Lessons can be written in R Markdown and converted to Markdown. The
main advantages of maintaining lessons in an executable format is 1)
not having to copy-paste the output and 2) it is easier to test if
new changes break code in other parts of the lesson. The main
disadvantage is that there will be more noise when merging the
generated content (e.g. different R versions have slightly different
wording of error messages).

After writing or editing a lesson written in R Markdown, automatically
generate the Markdown and html versions by running the command `make
preview`. This first runs the `knit` command from the [knitr][]
package to convert to Markdown, and then pandoc to convert to html.

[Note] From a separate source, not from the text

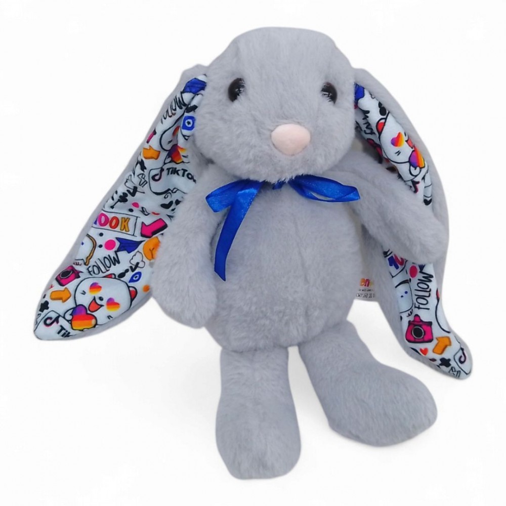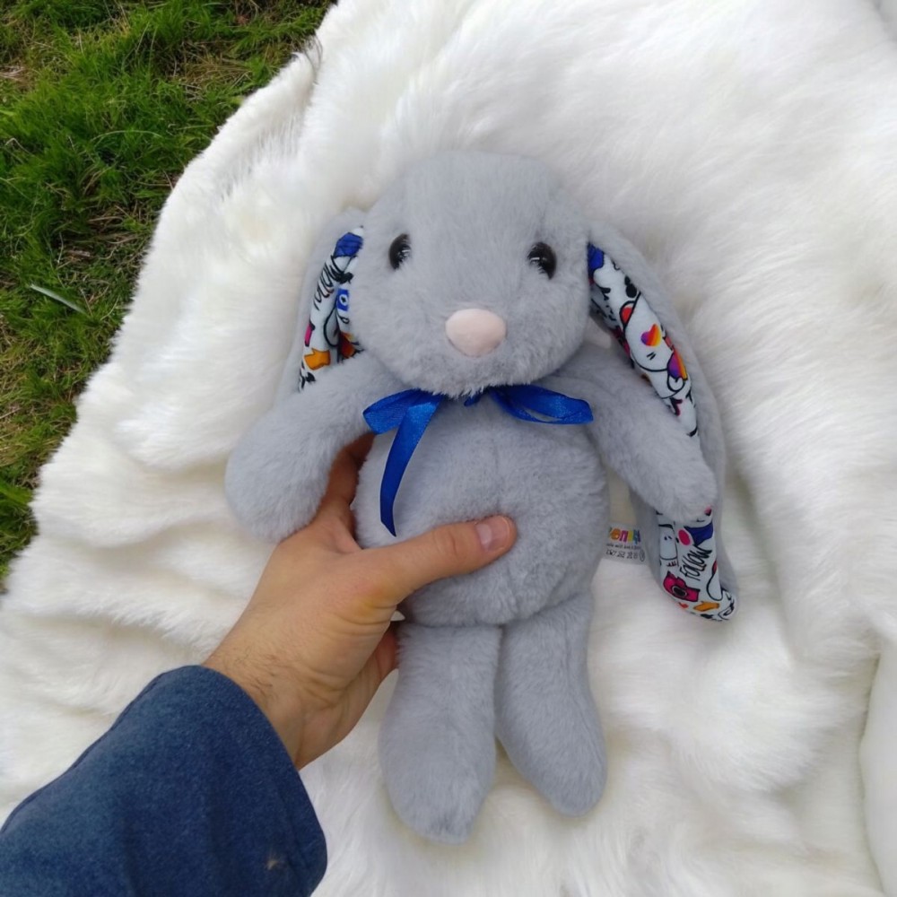 Чарівна мʼяка іграшка у вигляді зайчика з довгими вушками. Внутрішній бік вушок прикрашений тканиною з принтом, на якому зображені різноманітні солодощі. Іграшка виконана з якісних та міцних матеріалів, дуже мʼяка та приємна на дотик. Висота зайчика – 28 см.

[knitr]: http://yihui.name/knitr/

To ensure that the generated Markdown files follow the lesson template
guidelines, `source` the R file
[tools/chunk-options.R](tools/chunk-options.R). This file contains
settings that format the input and output code chunks, send all
generated figures to `fig/` instead of `figure/`, and specify a few
other knitr options. Thus a lesson should look like the following:

    ---
    layout: page
    title: Lesson Title
    subtitle: Topic Title
    minutes: 10
    ---

    ```{r, include=FALSE}
    source("tools/chunk-options.R")
    opts_chunk$set(fig.path = "fig/topic-title-")
    ```

    > ## Learning Objectives {.objectives}
    >
    > * Learning objective 1
    > * Learning objective 2

    Paragraphs of text
    --- possibly including [definitions](reference.html#definitions) ---
    mixed with:

    ```{r chunk-name}
    # code to be exectued
    ```

    More text.

When using [tools/chunk-options.R](tools/chunk-options.R), figures are
automatically sent to `fig/`. However it is easier to manage all the
figures in a lesson if their names are more descriptive. This can be
acheived by setting a more informative `fig.path` like the example
above, which will prepend "topic-title-" to all generated figure
names. Furthermore, it is recommended to name the code chunks. Thus if
a plot was generated in the example code chunk above, it would be
saved as `fig/topic-title-chunk-name.png`.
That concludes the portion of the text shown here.